The Prom, a late entry, is the only really fun film in the mix. That alone (okay… and Streep) could deliver a Best Picture nomination.

And The United States vs. Billie Holiday has been, for now, positioned at The Closer… the last film to full jump into the *Oscar season. Previously nominated director in Lee Daniels. A female star unknown to movies. A historic show business story. Trevante Rhodes, a young actor of great charm who is beloved from Moonlight. Righteous anger aplenty.

It checks every box.

Now we just have to see the movie.

27 Responses to “22 Weeks To *Oscar: The Politics”

  1. Jeff Sneider says:

    Don’t forget Malcolm & Marie, though I’ve heard it’s more of a performance thing. I wouldn’t sleep on Judas and the Black Messiah. Sound of Metal is better than every movie listed above. Won’t get much love from voters, but it might if the Oscar press had any balls. Maybe Breaking News in Yuba County or The Mauritanian will manage to surprise? Not seeing a winner among Netflix’s slate. If Nomadland lives up to the hype, I could see that winning. I’m with DP though… no clue why the Academy is pressing forward with this season. Studios have all but retreated. Ratings for all awards shows are in the gutter. No one wants to celebrate this year in cinema. Might as well do a show honoring 2 years worth of movies in 2022. And what happens to the 2022 show — is that going to honor just 10 months of movies? This is such a mess, and so, so stupid.

  2. Dr Wally Rises says:

    I don’t agree Jeff. The artists and artisans that contributed to the movies of 2020 deserve to have their moment in the sun, regardless of the diminished or compromised circumstances. There has been a lot of great work this year that doesn’t deserve to be scrubbed from history because of circumstances beyond the control of the filmmakers.. Or held over as an afterthought to 2022. How fair would it be on, say Delroy Lindo in Da 5 Bloods, a movie that dropped in June 2020, to have his work on that movie not acknowledged, if at all, until April 2022, almost two whole years after the fact.
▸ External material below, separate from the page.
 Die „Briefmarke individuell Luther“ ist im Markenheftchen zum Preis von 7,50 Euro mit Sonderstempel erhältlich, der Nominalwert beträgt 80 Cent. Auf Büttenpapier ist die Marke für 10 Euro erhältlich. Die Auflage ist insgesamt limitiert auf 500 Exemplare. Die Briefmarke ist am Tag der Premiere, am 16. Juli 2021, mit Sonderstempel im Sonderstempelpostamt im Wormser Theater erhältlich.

    If professional sport can find a way to keep going by quarantining hundreds of athletes in a bubble for weeks, I’m pretty sure that the Academy can find a way with a stage and an internet connection for a couple of hours.

  3. David Poland says:

    Dr Wally… half of the NBA season was over before The Bubble. And *Oscar is not competitive the way sports are… even though they are too competitive.

    Let’s reframe your question. If you were Delroy Lindo and you were finally getting the recognition you deserve, would you like to know you are getting it from half the normal field? If you were LeBron, would you like to have won the NBA Finals against a team with half of its starting line-up sitting on the bench?
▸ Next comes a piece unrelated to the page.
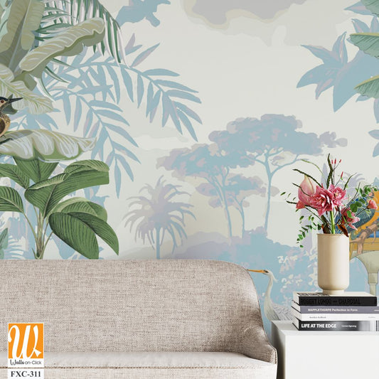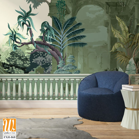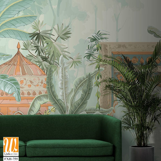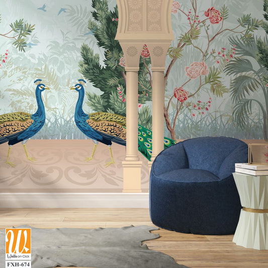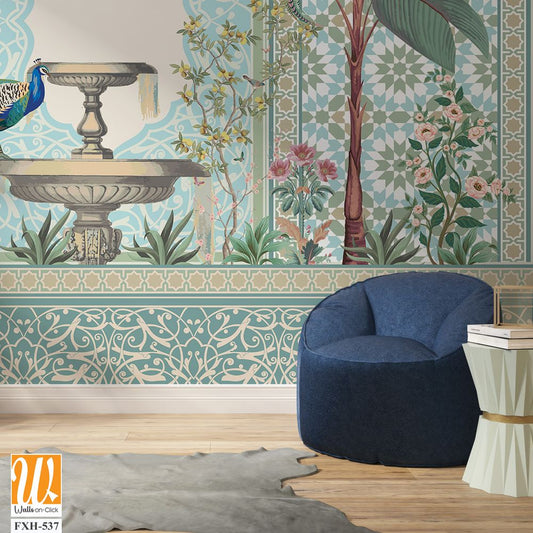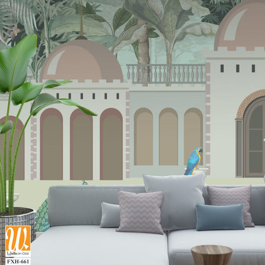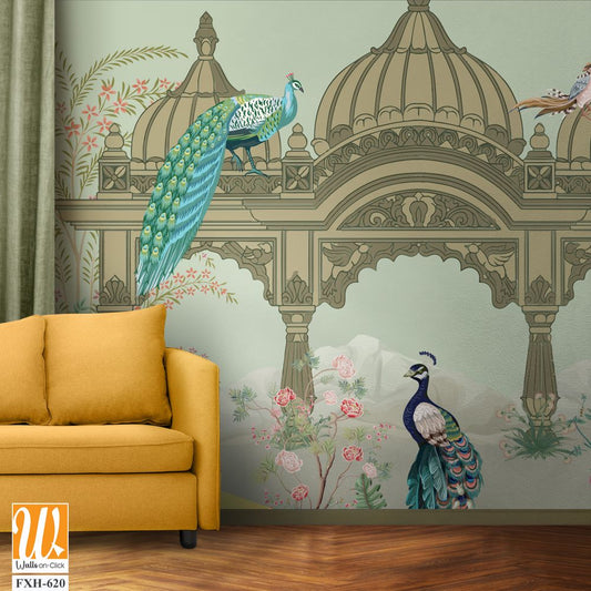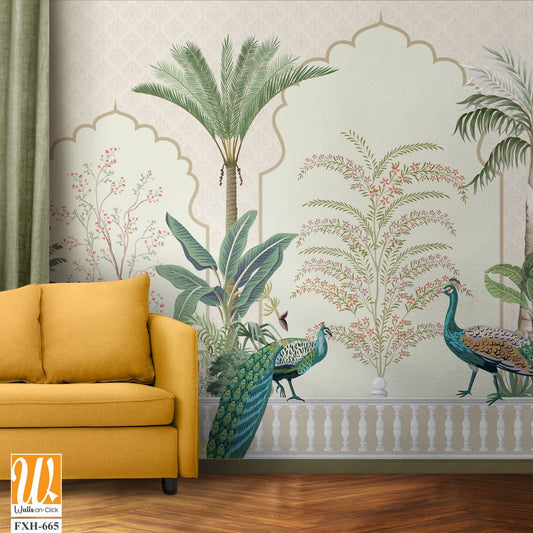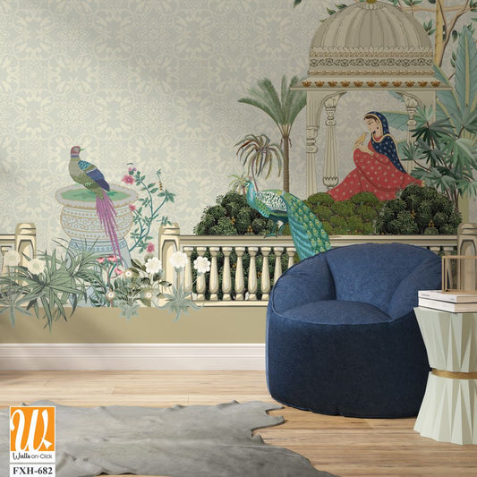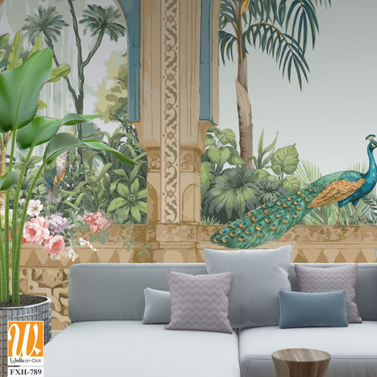 Traditional Mughal forest garden, peacock, palace illustration for wallpaper [WP-FXH-755]

    And yes, Jeff, there are still a couple of movies coming that fit The Criteria. But the fact you love Sound of Metal so much is the definition of why Oscar is interesting. 9000 people with their own tastes and some experience making quality movies. Everything goes into the pot. Some chouices are obvious (like Mank) and some are not. And we get surprises.
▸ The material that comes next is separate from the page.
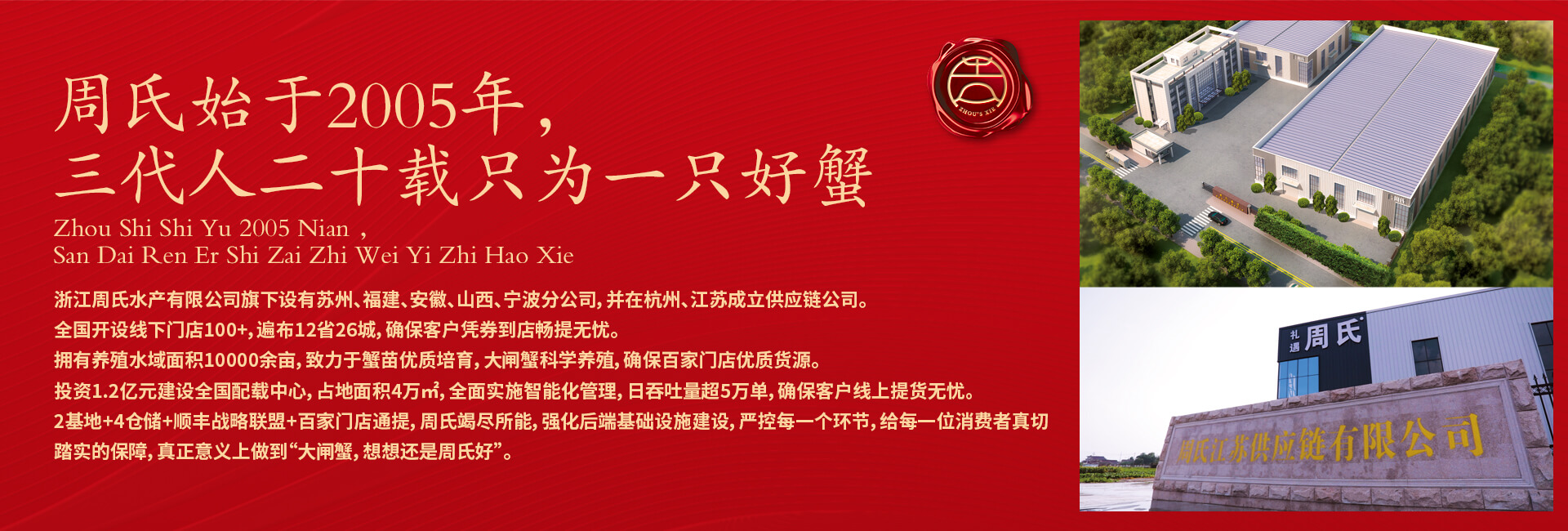 周氏水產(chǎn)精品大閘蟹,14年匠心沉淀,全國87家直營門店,100只大閘蟹只精選最優(yōu)50只。不虛標規(guī)格,不玩???

    They are taking a system that had holes and are proceeding this year with the system with the same holes, adding more and pretending it is the same. It’s not. The full and free experience of films, primarily on a big screens, defines the value of Oscar. The value of Oscar is that it is an intrinsic agreement that they are of the highest value. That will not be the case this season. An Emmy is lovely too. It’s just a different thing.

  4. David Poland says:

    PS Hi and Happy Thanksgiving. I hope you and your families are healthy and happy.

  5. Bob Burns says:

    Hillbilly Elegy looks like whiteface to me. A standard of local theater production in a place like here, Birmingham, is rich white actors playing “poor white trash” characters, with classist sterotypes played large… like blackface mistrel shows. Rene Zellweger in Cold Mountain, or Three Billboards come to mind.

    When discussing Oscar politics, you can’t ignore reactionary backlash. A leading contender is made to be a threat to the values of (as Harvey famously called them) the steak eaters of the Academy. The Universal, and Miramax publicists are/were masters of the reactionary campaign. The Green Book camapaign was blatently reactionary. Beautiful Mind over Moulin Rouge and FotR, conservative filmmaking over quality. a long list could be made.

  6. Anonymous says:

    Can we retire forever the term “white trash”? It’s disgusting.

  7. Bob Burns says:

    apologies anonymous. in defence, I used it in reference to the way poor, uneducated white characters are often portrayed by privileged actors, which I find offensive,…..not to actual people. After posting I wondered if it was offensive, which, as you point out, it was.

  8. movieman says:

    “Nomadland” is the best movie I’ve seen (so far anyway) this year, and–ironically, or maybe not so much considering the director wasn’t born in the U.S.–the most quintessentially “American” film in years.
    Unless 2020 turns out to be the year when streamers (I’m looking at you, Netflix) finally win the big kahuna after two close-but-no-cigar years in a row w/ “Roma” and “The Irishman,” I could definitely see “Nomadland” as “The Movie To Beat.” But maybe that’s just me talking as a huge Chloe Zhao fan.
    If nothing else, it’s sure to be a serious contender in multiple key categories, incl. Picture, Director and Actress.

  9. Dr Wally Rises says:

    ‘Let’s reframe your question. If you were Delroy Lindo and you were finally getting the recognition you deserve, would you like to know you are getting it from half the normal field? If you were LeBron, would you like to have won the NBA Finals against a team with half of its starting line-up sitting on the bench?’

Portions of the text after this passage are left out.